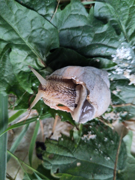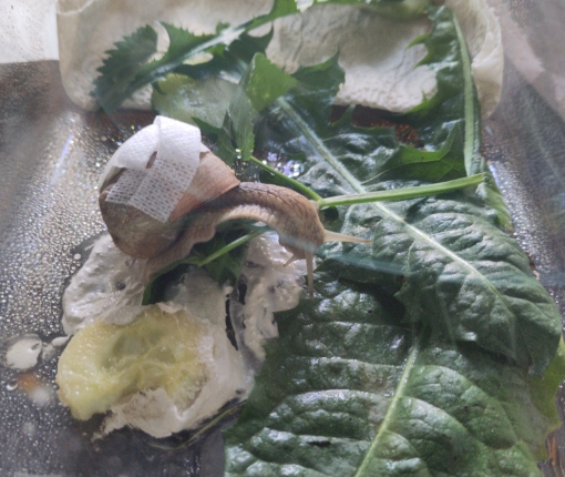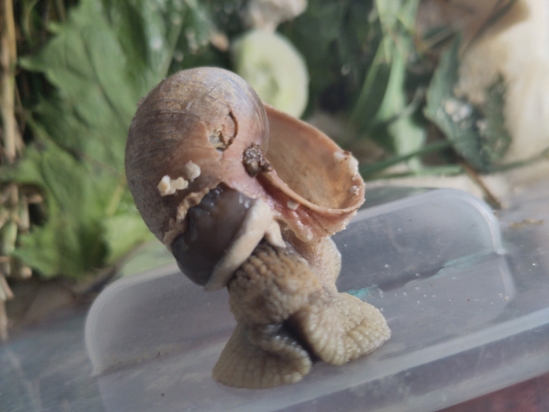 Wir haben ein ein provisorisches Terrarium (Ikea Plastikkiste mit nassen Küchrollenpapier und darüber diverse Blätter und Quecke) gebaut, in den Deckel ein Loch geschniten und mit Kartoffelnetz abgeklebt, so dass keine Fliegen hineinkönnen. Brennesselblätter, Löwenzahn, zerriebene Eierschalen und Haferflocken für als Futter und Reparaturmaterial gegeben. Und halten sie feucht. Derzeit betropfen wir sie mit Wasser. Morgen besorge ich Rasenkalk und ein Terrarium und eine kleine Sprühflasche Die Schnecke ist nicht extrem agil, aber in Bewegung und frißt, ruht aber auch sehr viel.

* * *

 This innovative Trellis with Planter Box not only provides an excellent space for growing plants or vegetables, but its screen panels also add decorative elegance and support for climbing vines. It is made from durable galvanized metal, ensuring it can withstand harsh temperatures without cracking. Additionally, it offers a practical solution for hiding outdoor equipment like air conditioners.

...

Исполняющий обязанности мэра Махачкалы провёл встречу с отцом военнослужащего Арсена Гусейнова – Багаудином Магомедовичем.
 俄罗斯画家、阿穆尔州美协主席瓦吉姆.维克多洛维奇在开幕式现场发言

• THE TASK: From the records above, transcribe exactly the run of lines that opens with the line holding "Исполняющий обязанности мэра" and closes with the line holding "俄罗斯画家、阿穆尔州美协主席瓦吉姆.维克多洛维奇在开幕式现场发言", both included.

• RESPONSE:
Исполняющий обязанности мэра Махачкалы провёл встречу с отцом военнослужащего Арсена Гусейнова – Багаудином Магомедовичем.
 俄罗斯画家、阿穆尔州美协主席瓦吉姆.维克多洛维奇在开幕式现场发言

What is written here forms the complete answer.